THE CARE AND FEEDING OF YOUR OWN WEB SITE
If you have felt that launching a Web site was out of reach due to cost and difficulty, your ship has arrived. ProSites (prosites.com) offers point, click, and launch ease. Preformatted Web sites (more than 40 designs available) with preloaded content are ready to go. All you do is upload whatever digital photos you would like to add, along with office specific information (location, fees, services offered, etc). Our office recently enrolled in the ProSites program, allowing us to upload digital images of casework, staff, and even a virtual tour of our office. The basis for Pro-Sites’ capability is a sophisticated yet easy to use online editor that allows the site owner to add and subtract content quickly and intuitively. All the formatting is done for you on the fly, and you can preview the changes before taking them live. What a great way to put your digital camera investment to work! You’ll be surprised at how affordable this is. If you don’t think you need a Web site, think again. Check out our Web site at wolcottsmiles.com.
NOT SO NEW, BUT NOTABLE
|Figure 11a. Portrait kit lighting effect.||Figure 11b. PhotoMed’s “Quick & Easy” Portrait Package.|
The PhotoMed “Quick & Easy” Portrait Package, although mentioned in last year’s photo update article, is worth mentioning again just in case you missed it. This 3-piece ensemble (if purchased as a package) includes a custom flash diffuser for softer facial lighting, a unique nonreflective black background, as well as a collapsible silver/white 22-inch reflector. To make a long story short, your patient portraits will bear a professional look owing to the absence of flash hot spots on your patient’s faces and a non-distracting background. Let’s face it, lighting is everything when it comes to photographing people’s faces. Most appealing about this kit, developed by Drs. James Dunn and Richard Young, is that the set-up takes no additional office space and the diffuser may work with a flash that you already own (Figures 11a and 11b). For more details, go to photomed.net.
ARE ALL DENTAL MIRRORS ALIKE?
|Figure 12. Doctorseyes occlusal mirror.|
Well, yes and no! Quite accidentally I was acquainted with Doctorseyes Ultrabright mirrors (doctorseyes.com). I liked them for 3 reasons. They have a built-in handle with a removable silicone grip and are anatomically shaped to help capture those tough areas, such as the upper second molars. Best of all, they seem to be considerably brighter than the average mirror. Yes, they cost twice as much as the more commonly encountered mirrors (around $80), but once you use one, you will understand why (Figure 12). For more information about them, visit the Doctorseyes Web site. To obtain Ultra-bright mirrors in the United States, contact J.L. Blosser at (800) 200-3594 or (816) 781-3206. The No. 13 occlusal mirror is highly recommended.

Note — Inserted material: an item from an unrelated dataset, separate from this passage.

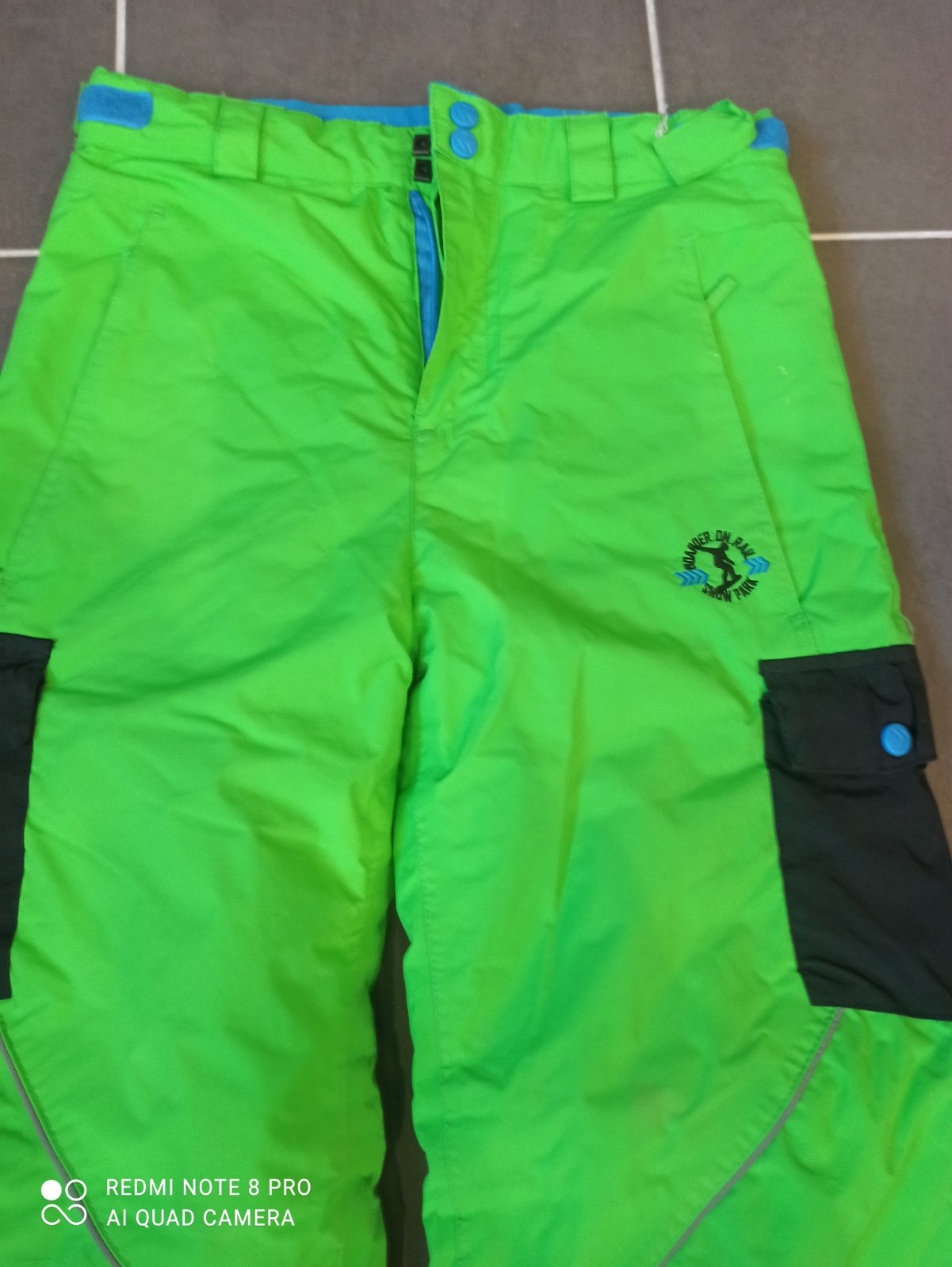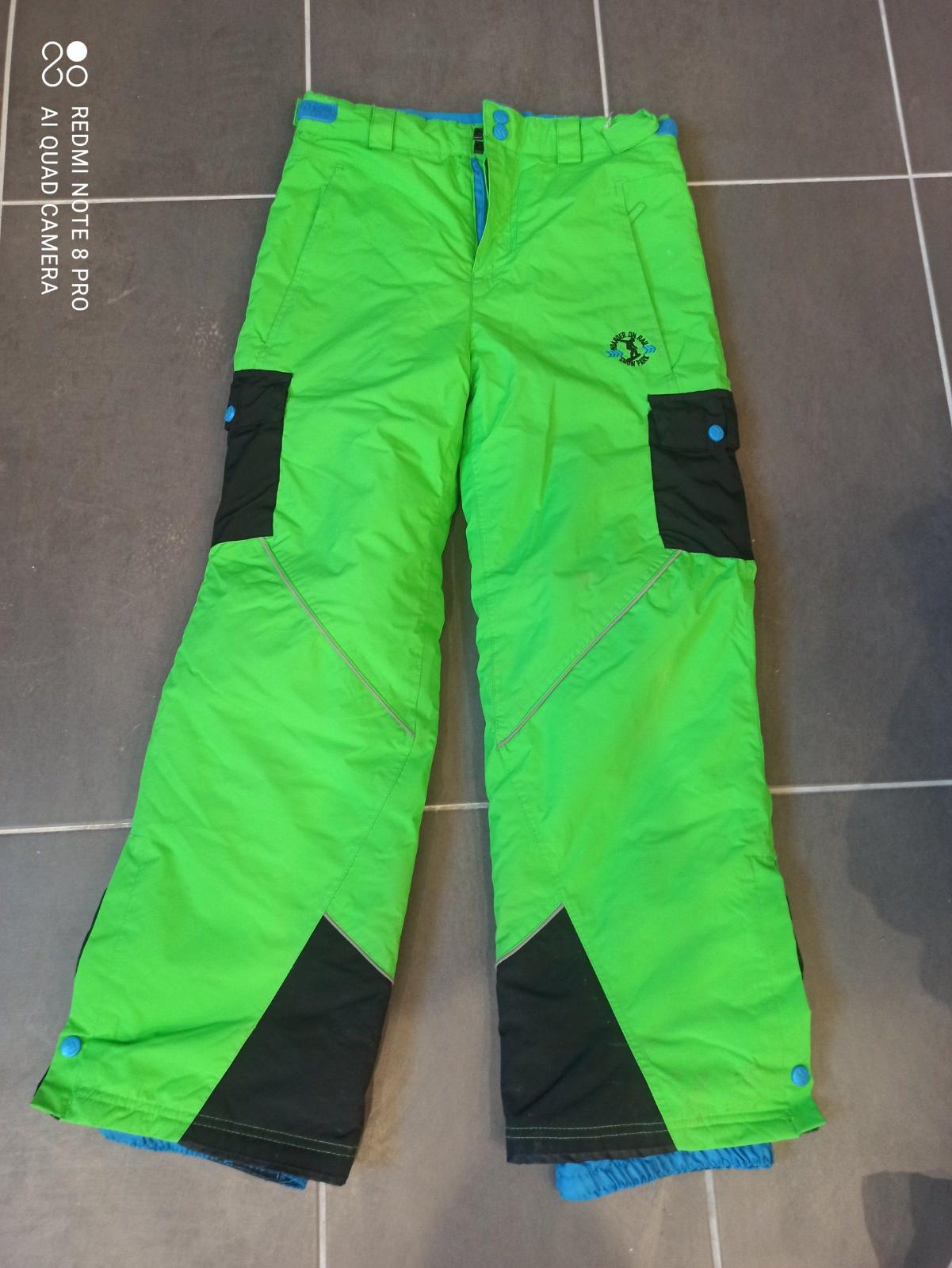 Neónovo zelene krásne oteplovaky, plne funkčné, reflexné prvky, guma proti snehu, vrecká, nastaviteľný pás, 2 gombíky ,teplé ,
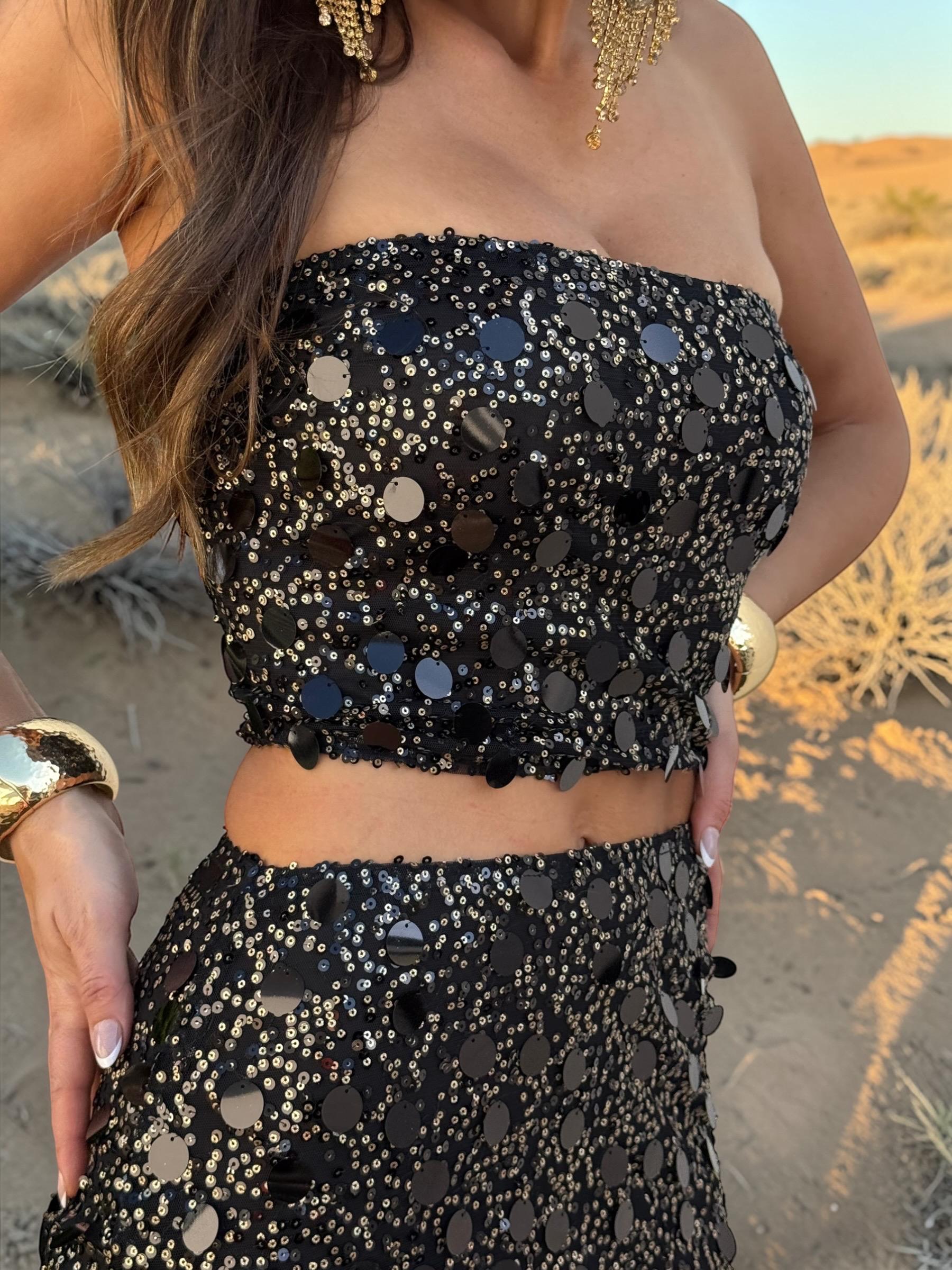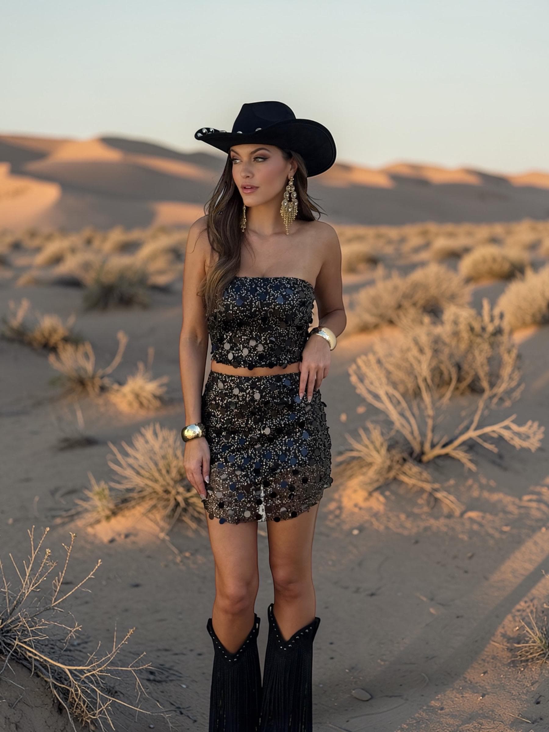 This two-piece set features a strapless sequin top paired with a matching mini skirt dripping in navy fringe, designed to catch every flash, every spotlight, every stare. The extreme shine of the black and gold sequins creates a dazzling disco-cowgirl effect that moves beautifully with your body.

As you can see, purchasing a digital photo system is only just a start. As your skill and knowledge grow, you will seek and find new uses for digital photography and new gadgets to help you accomplish them. You will also note that there are many portals to beginning the process. If you start small, and it takes hold, don’t hesitate to avail yourself of higher-end equipment and accessories. Such investments will provide both monetary and professional return with increased satisfaction. Improved images will not only enhance your patient communication skills, but also lend greater personal conviction to the restorative process. There’s no time like the present. Get going!
Disclosure: Dr. Goldstein is an international consultant for PhotoMed.